One is Lost Maples State Natural Area, northwest of San Antonio. With its protected stand of Uvalde bigtooth maples, you can be treated to spectacular fall colors. Mind you, autumn usually comes to central Texas in November–giving your New Englanders plenty of time to enjoy your own colors before trekking down south. To ensure you will see the colors, check their fall foliage report on their website https://tpwd.texas.gov/state-parks/lost-maples.

Another place I have found fall colors is Block Creek Natural Area. Again, colors vary based on weather conditions but Sharron and Larry Jay have created a great setup for photographers.


Exposure Settings

I use Matrix metering for everything, regardless of sunshine or clouds. I’m constantly checking the histogram to make sure no highlights are being clipped. Oversaturated reds blow out really quickly. I’ve also found that yellows in bright light are often clipped. I use exposure compensation as needed to eliminate clipping in the histogram. Good light on nice colors is going to look good on the camera, so don’t force it.

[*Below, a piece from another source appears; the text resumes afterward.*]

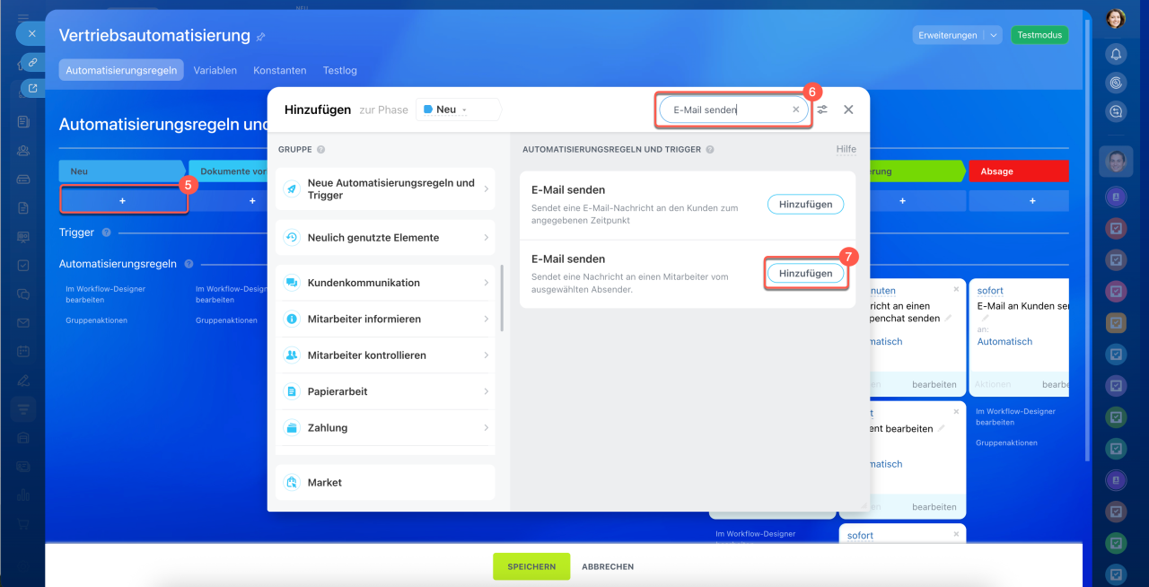 6–7. Geben Sie im Suchfeld den Begriff E-Mail senden ein. Fügen Sie die Automatisierungsregel hinzu – daraufhin öffnet sich ein Fenster zur Konfiguration.

Light reflecting off the leaves may throw off the auto white balance, so use the appropriate manual setting for your shots or find an object in your frame that can serve as a neutral reference. If you shoot RAW, then you can probably correct this later.


Get Closer

The temptation of wide shots, of entire forests or mountainsides may be hard to resist. However, variety is important. Shoot the panoramic landscapes, but also remember that beauty can be found in the details.

Macro photography is a great way to explore the colors and textures of autumn, while also using unique points-of-view.

Another way to get closer is simply switching to a longer telephoto lens, or zooming to a longer focal length with a zoom lens. Telephotos are great for isolating parts of subjects, and they usually will throw your backgrounds beautifully out of focus. Try focusing close with that telephoto lens — with many of today’s zoom lenses, you can fill the frame with a single large leaf.

Out-of-focus backgrounds are a photographic effect you can heighten, or reduce, by controlling your aperture: wider apertures will result in a shallower range of focus, and softer backgrounds. Smaller apertures will increase the range of focus, resulting in sharper backgrounds. You’ll need to make the creative choice depending on what, and how much of the background you want to see in the image. This is a perfect reason to switch to your camera’s Av (aperture-priority) exposure mode, if you’ve been using fully automatic exposure up to now.

Take the time to consider the background, and experiment with more dynamic ways to make your main subject stand out.

Don’t forget the power of wide-angle lenses. A standard zoom lens, such as an 18–55mm lens, can produce some spectacular results — especially if you move in close at its widest setting and focus upon one object in the foreground. A low-hanging branch with leaves can suddenly become a broad burst of color and detail, if you move in and focus upon the nearest leaf.


Create Abstracts

One of my favorite things to do with photography is to create impressionistic motion-blurred images. Although wind often creates problems when photographing autumn foliage, I try to use it to my advantage. So if it starts to blow too hard for sharp shots, I switch gears and go for motion blur.

Look for opportunities to take fall photography of wind-blown foliage using long exposures of 1/2 sec or more. These images often work best if some portion of the scene is not moving, such as a solid tree trunk surrounded by wind-blown autumn foliage. You may consider using a tripod to ensure that stationary objects are rendered sharp in your photo during the long exposure.

No wind? No problem! Create your own motion blur by moving the camera during a long exposure to create interesting abstract blurs. This technique works well when photographing forest scenes with lots of color. About 1/2 sec to 2 sec of exposure time usually works best with this technique.